# Smallpond Lightweight Analytics at Scale

In today’s data landscape, teams often face a trade-off between simplicity and scale. Traditional analytics stacks can be heavy, costly, and complex to get started, especially when the goal is to move fast and process big data efficiently. Smallpond bridges that gap by focusing on:

⚡ Speed — Fast setup and minimal overhead for transformation of big data.

📦 Simplicity — Simple interfaces and modular components that just work.

☁️ Scalability — Designed to handle distributed data workloads seamlessly.

🧩 Interoperability — Works with common data formats and integrates smoothly with existing tools like pandas and duckdb.
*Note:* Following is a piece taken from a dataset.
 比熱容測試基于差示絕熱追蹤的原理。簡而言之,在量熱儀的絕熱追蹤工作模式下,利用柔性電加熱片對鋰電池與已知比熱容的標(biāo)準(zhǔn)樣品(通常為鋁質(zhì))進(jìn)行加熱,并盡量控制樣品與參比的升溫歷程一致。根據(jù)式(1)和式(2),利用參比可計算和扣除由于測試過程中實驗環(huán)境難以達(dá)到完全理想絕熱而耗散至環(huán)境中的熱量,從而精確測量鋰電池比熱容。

In this notebook, we’ll explore how Smallpond can be used to build lightweight, high-performance transformation pipelines.
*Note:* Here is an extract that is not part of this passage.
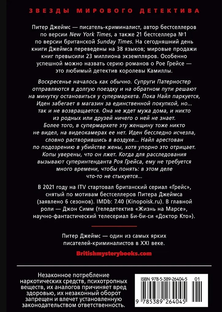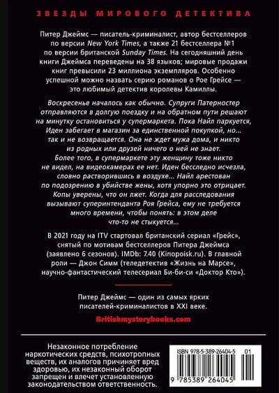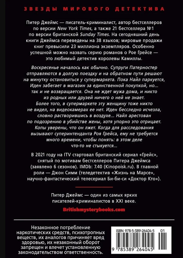 Питер Джеймс — писатель-криминалист, автор бестселлеров по версии «New York Times», а также 21 бестселлера № 1 по версии британской «Sunday Times». Особенно успешной можно назвать серию романов о Рое Грейсе — это любимый детектив королевы Камиллы. В 2021 году на ITV стартовал британский сериал «Грейс», снятый по мотивам книг Джеймса (заявлено 6 сезонов).

But first we need to setup the environment and infrastructure to really test it's functionality

## Virtual environment creation

### Is very important to create the environment with Python 3.11.11 because this version needs to match Ray's Python compatibility version.
If you don't have this version you can install it with:  ```pyenv install 3.11.11```
1. Create a Virtual Environment
This command creates a new virtual environment in a folder named venv.
```sh
python3 -m venv venv
source venv/bin/activate

```
2. Activate the Virtual Environment
On macOS/Linux:
```sh
source venv/bin/activate
```
On Windows (Command Prompt):
```sh
venv\Scripts\activate
```

You should now see (venv) appear at the start of your terminal prompt — this means your environment is active.

3. Install Dependencies
```sh
pip install -r requirements.txt
```
This installs all the necessary libraries specified in the requirements.txt file.




## Installation of Docker and Docker Compose
### Installation for Windows
https://docs.docker.com/desktop/setup/install/windows-install/
### Installation for MacOS
https://docs.docker.com/desktop/setup/install/mac-install/
### Installation for Linux
https://docs.docker.com/desktop/setup/install/linux/


## Running Jupyter Notebooks
Having the virtual environment activated you should just run:
```sh
 jupyter notebook --port 8889
```
Which will open a new window in the navigator with all the folders of this project.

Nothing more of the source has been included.